*Problem details*:
Copy everything in the records exactly; the pictures stay out.

Exercise materials Start Marker

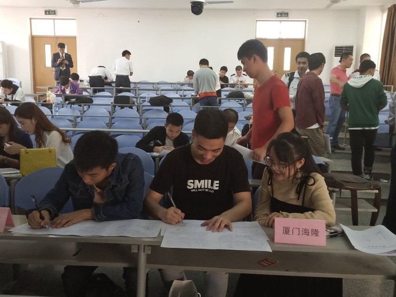 首先,由李小兵老师主持会议并向准备应聘的同学们介绍今天所到的九家公司,介绍完成之后,由苏书记介绍我院航海类专业学生培养情况,包括航海学院每年开展的英语角培养航海类专业学生英语水平,每年入学进行新生航海专业教育,航海类专业学生赴台湾交流学习,船员教育培训,学院实行的半军事化管理,提升学生综合素质等方面,并分析了近年来的就业情况,强调今年的大学毕业生为八百六十万,数据再次刷新,堪称最难就业的一年,希望同学们能够调整好心态,摆正好位置倍加珍惜招聘企业对我们学生提供的就业机会,并在未来的工作岗位上认真负责,发扬"善学如泉,正心至大"校训 。随后,李小兵老师再次强调本次双选会的重要性并提醒毕业生们慎重选择,抓紧选定企业。
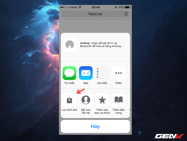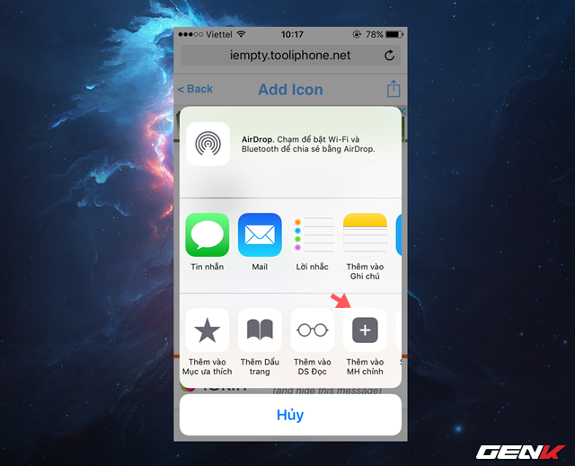 Nhấp vào biểu tượng “Share” ở thanh công cụ trình duyệt và chọn “Thêm vào MH chính”.
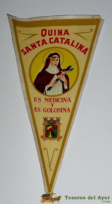 ANTIGUO BANDERIN DE QUINA SANTA CATALINA, ES MEDICINA Y ES GOLOSINA, MIDE 30 CMS.
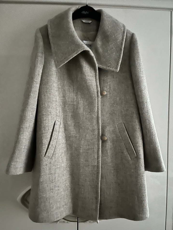 Geniş yakalı, ön düğmeli kadın kabanı. Yan cepleri bulunan, soğuk havalar için yumuşak ve sıcak dokulu bir model. Taş rengi marka temsili 44 beden uyumlu
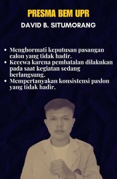 “Yang juga kita sayangkan bahwa 2 Paslon yang tidak berhadir saat dialog adu gagasan dengan mahasiswa tersebut, justru seharusnya lebih berani bertemu mahasiswa, karena sama-sama masih terbilang berusia muda, tapi yang terjadi sebaliknya malah Paslon yang senior dari segi usia, justru lebih berani menyampaikan gagasannya secara langsung dihadapan mahasiswa,”celetuk salah seorang mahasiswa UPR lainnya.

Exercise materials End Marker

*Solved problem*:
 首先,由李小兵老师主持会议并向准备应聘的同学们介绍今天所到的九家公司,介绍完成之后,由苏书记介绍我院航海类专业学生培养情况,包括航海学院每年开展的英语角培养航海类专业学生英语水平,每年入学进行新生航海专业教育,航海类专业学生赴台湾交流学习,船员教育培训,学院实行的半军事化管理,提升学生综合素质等方面,并分析了近年来的就业情况,强调今年的大学毕业生为八百六十万,数据再次刷新,堪称最难就业的一年,希望同学们能够调整好心态,摆正好位置倍加珍惜招聘企业对我们学生提供的就业机会,并在未来的工作岗位上认真负责,发扬"善学如泉,正心至大"校训 。随后,李小兵老师再次强调本次双选会的重要性并提醒毕业生们慎重选择,抓紧选定企业。
 Nhấp vào biểu tượng “Share” ở thanh công cụ trình duyệt và chọn “Thêm vào MH chính”.
 ANTIGUO BANDERIN DE QUINA SANTA CATALINA, ES MEDICINA Y ES GOLOSINA, MIDE 30 CMS.
 Geniş yakalı, ön düğmeli kadın kabanı. Yan cepleri bulunan, soğuk havalar için yumuşak ve sıcak dokulu bir model. Taş rengi marka temsili 44 beden uyumlu
 “Yang juga kita sayangkan bahwa 2 Paslon yang tidak berhadir saat dialog adu gagasan dengan mahasiswa tersebut, justru seharusnya lebih berani bertemu mahasiswa, karena sama-sama masih terbilang berusia muda, tapi yang terjadi sebaliknya malah Paslon yang senior dari segi usia, justru lebih berani menyampaikan gagasannya secara langsung dihadapan mahasiswa,”celetuk salah seorang mahasiswa UPR lainnya.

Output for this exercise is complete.